Scientists have been attempting to build technology that can duplicate the sense of smell for years. Still, more is needed to prove capable of replicating the sensitivity and specificity of traditional biological olfaction.

“For more than 15 years, people have been working on electronic noses, but they are still nowhere near what nature can accomplish seamlessly,” Professor Saha explains.

Members of the Bioengineering of Olfactory Sensory Systems, or BOSS, Laboratory at MSU. From left, doctoral student Simon Sanchez, lab manager Elyssa Cox, assistant professor Debajit Saha and doctoral student Michael Parnas.
Members of the Bioengineering of Olfactory Sensory Systems, or BOSS, Laboratory at MSU. From left, doctoral student Simon Sanchez, lab manager Elyssa Cox, assistant professor Debajit Saha and doctoral student Michael Parnas. (Image: Derrick L. Turner via MSU)

To return to the issue of cancer, early detection is crucial. Patients have an 80 to 90 percent chance of surviving when cancer is identified in its early stages. On the other hand, cancer detected in stage four has a 10 to 20 percent chance of survival.

Cancerous and healthy cells act and grow differently, releasing various chemicals. These cancer-related compounds are detected in a person’s breath if they penetrate their lungs or airways.

“In theory, you could breathe into a gadget, and it would recognize and discriminate between various cancer kinds and disease stages.” “However,” Professor Saha notes, “such a gadget is not yet clinically ready.”

As a result, the MSU research team went in a different direction. They preferred to let nature do the work rather than constantly striving to imitate biology. Researchers think that by beginning with answers perfected by nature and millennia of evolution, they are basically “hacking” the insect brain to use it for illness detection.

How will it work? 

Patients do not need to be concerned about locusts infiltrating their physicians’ offices. Instead, the researchers hope their findings may open the way for devices that employ insect sensory neurons to identify cancer in its early stages using only a patient’s breath.

Although such devices are unlikely in the short term, the study’s authors believe they are not as far-fetched as they appear. 

Part of this is due to people’s increasing dependence on technology to supplement or replace their natural senses. Telescopes and microscopes, for example, are uncovering hitherto unexplored worlds.

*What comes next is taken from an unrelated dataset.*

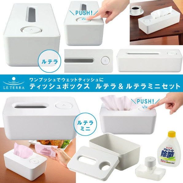 汚れた手や机をウェットテッシュで拭きたいな・・・と 思ったら、ティッシュを1枚取って、ボタンを押すと 簡単に除菌用アルコールティッシュに早変わり! 優れものだと思いませんか? ご家族にも一人暮らしにも重宝すること間違いなしです。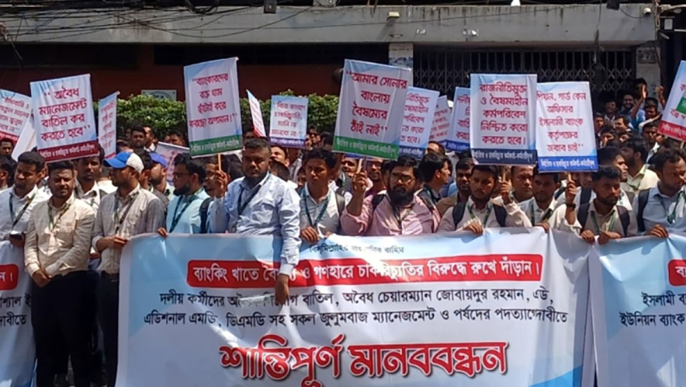 রাজধানীর মতিঝিলে এস আলম গ্রুপের কাছে ইসলামী ব্যাংকসহ পাঁচটি ব্যাংকের নিয়ন্ত্রণ ফিরিয়ে দেওয়া এবং চাকরিচ্যুত কর্মীদের পুনর্বহালের দাবিতে অবস্থান কর্মসূচি পালন করেছেন সাবেক ব্যাংক কর্মকর্তারা। রোববার সকাল থেকে মতিঝিলের দিলকুশা এলাকায় ইসলামী ব্যাংকের প্রধান কার্যালয়ের সামনে এই বিক্ষোভ অনুষ্ঠিত হয়। কর্মসূচিতে ইসলামী ব্যাংক, ফার্স্ট সিকিউরিটি, ইউনিয়ন ব্যাংক, আল-আরাফাহ, গ্লোবাল ইসলামী ও সোশ্যাল ইসলামী ব্যাংকের সাবেক কর্মীরা অংশ নেন।

However, because planned technologies are so powerful, it is easy to overlook the performance of our natural tools, particularly the sense organ, immediately in front of our eyes.

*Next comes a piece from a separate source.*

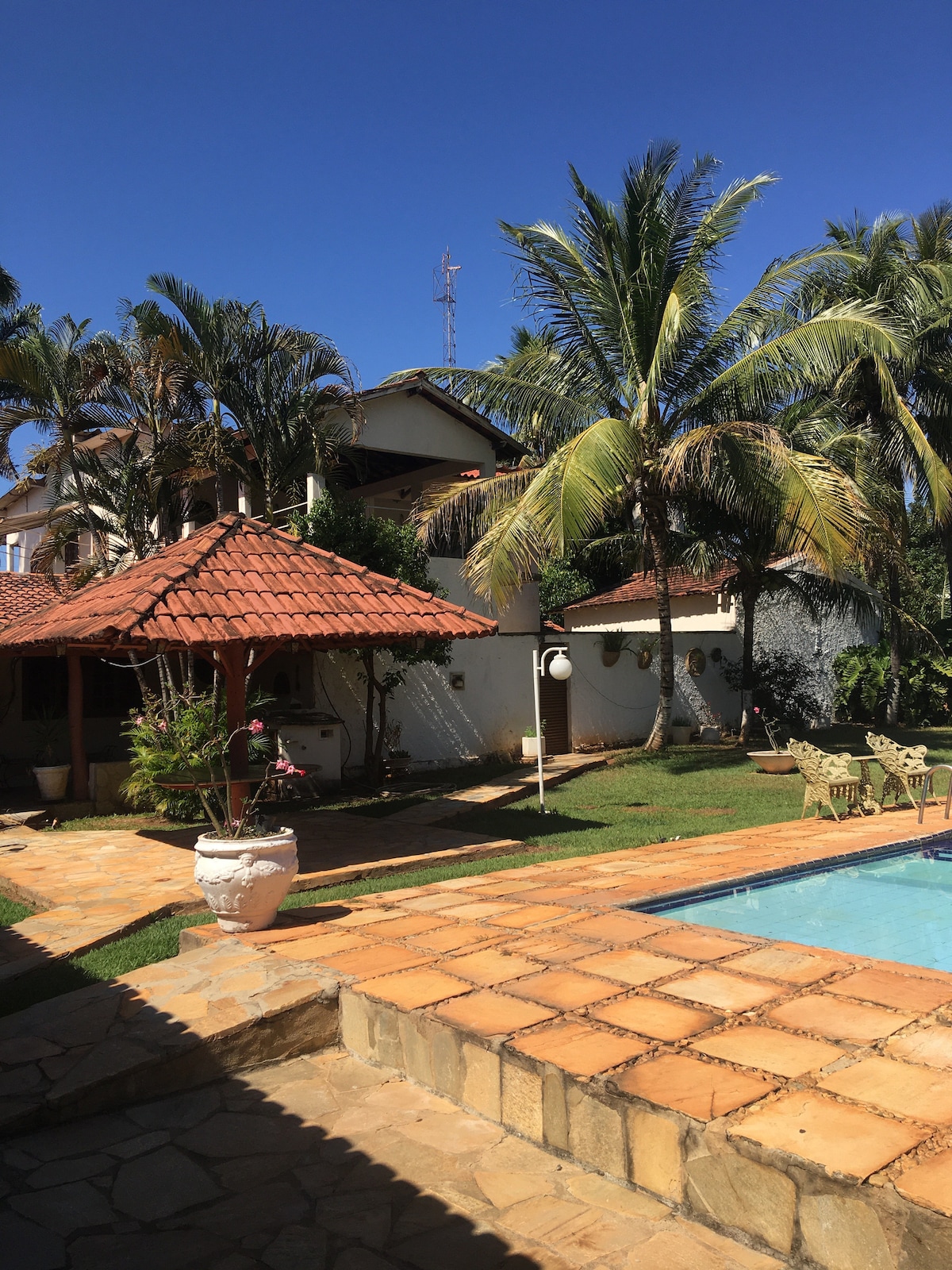 Du wirst die stilvolle Einrichtung dieser charmanten Unterkunft lieben. Chácara 10 km vom Zentrum von Goianésia entfernt. Das große Haus verfügt über ein Schlafzimmer, ein Wohnzimmer, eine Küche und ein Badezimmer. PLATZ FÜR BIS ZU 20 PERSONEN. Chácara verfügt über einen Swimmingpool, Grill, Gefrierschrank, Dämme, Sandplatz für Volleyball, Campingplatz und vieles mehr! @chacaradowaltao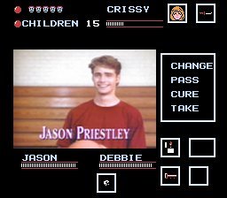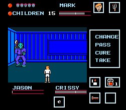 Why, killing children, of course! Although not nearly as offensive as French Maid Nude Celebrity Vaginal Banana porn, the prevention of adolescent death syndrome (being killed by Jason) is the game's modus operandi. Instead of controlling Jason himself and murdering the children (which would've been a pretty damn cool game for perverts and Pro-Choicers alike) you're forced to operate the inept bodies of Camp Blood's six most physically challenged teenage counselors. Although released in 1988, the battle system is one of the most advanced in game history, surpassing later games like Tekken and Soul Calibur with daring attacks like "run," "jump," and "throw rock."

Locusts are grasshoppers that have earned a distinct name thanks to their social, swarm-forming behavior.
Locusts are grasshoppers that have earned a distinct name thanks to their social, swarm-forming behavior. (Image: Derrick L. Turner via MSU)

Why are locusts used?

Locusts, like fruit flies, have long functioned as model organisms in the scientific community, according to Professor Saha and his colleagues. 

Modern study has a good understanding of their olfactory receptors and associated brain activity. Furthermore, locusts are bigger and stronger than fruit flies.

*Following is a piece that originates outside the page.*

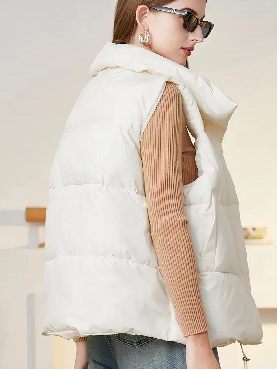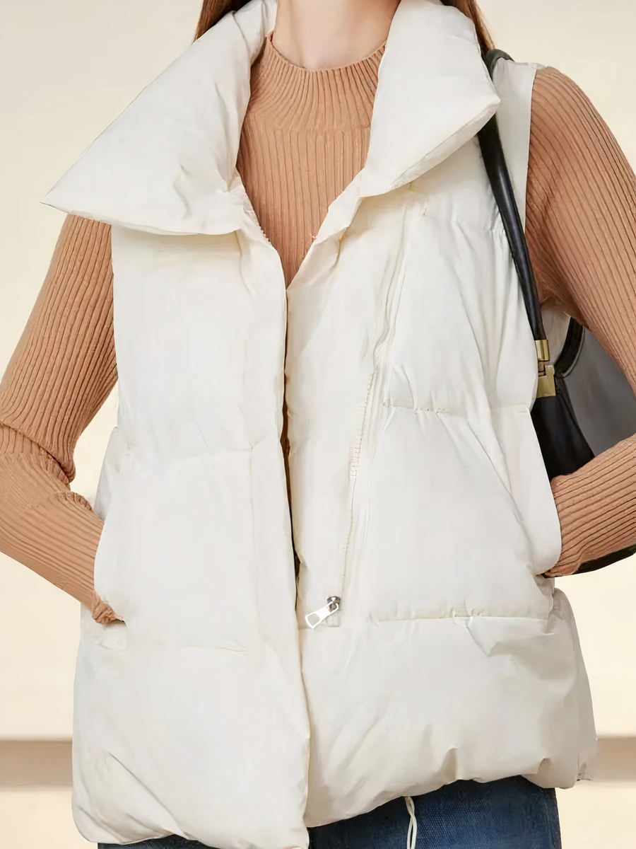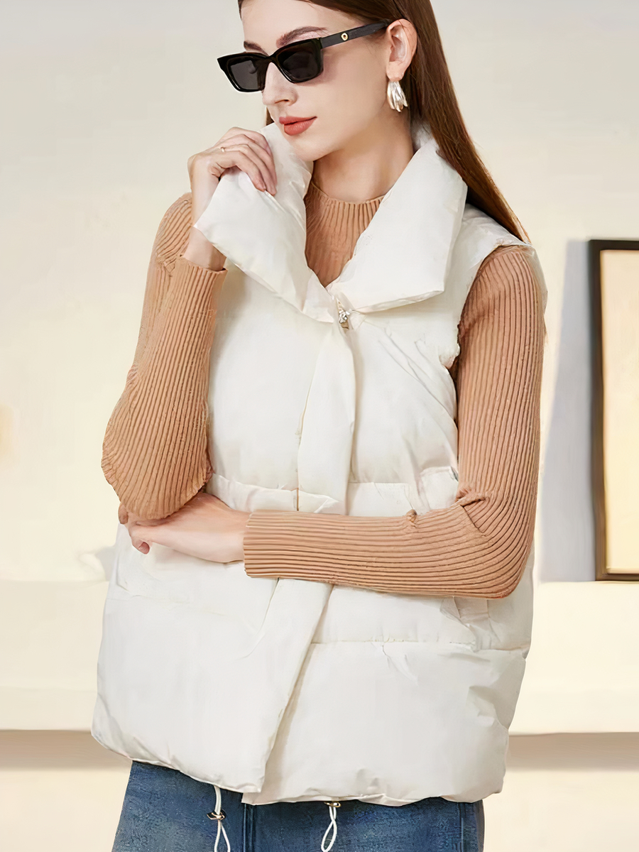 La veste sans manche pour femme, courte et chaude, est une pièce idéale pour l’hiver. De couleur blanche et fabriquée en polyester avec une doublure intérieure, elle combine élégance et fonctionnalité. Sa fermeture à zipper centrale et son grand col à revers épais offrent chaleur et style.

According to the researchers, these qualities make locusts perfect study subjects. On a more practical level, the researchers observed that attaching electrodes to locust brains was simple. 

The insects’ reactions to gas samples generated by healthy and malignant cells were subsequently recorded. 

The signals were then utilized to construct chemical profiles of the various cells.

In 2020, Professor Saha led a similar research project at Washington University in St. Louis. He was working on creating bomb-detecting technology employing locusts at the time. 


Although the scientists concentrated on oral cancers, they believe this technique may be used for any disease that delivers compounds into the breath, including most malignancies. 

They want to build portable sensors that can evaluate volatile cancer biomarkers before other, more intrusive tests can identify the disease by exploiting information recorded from locust brain activity.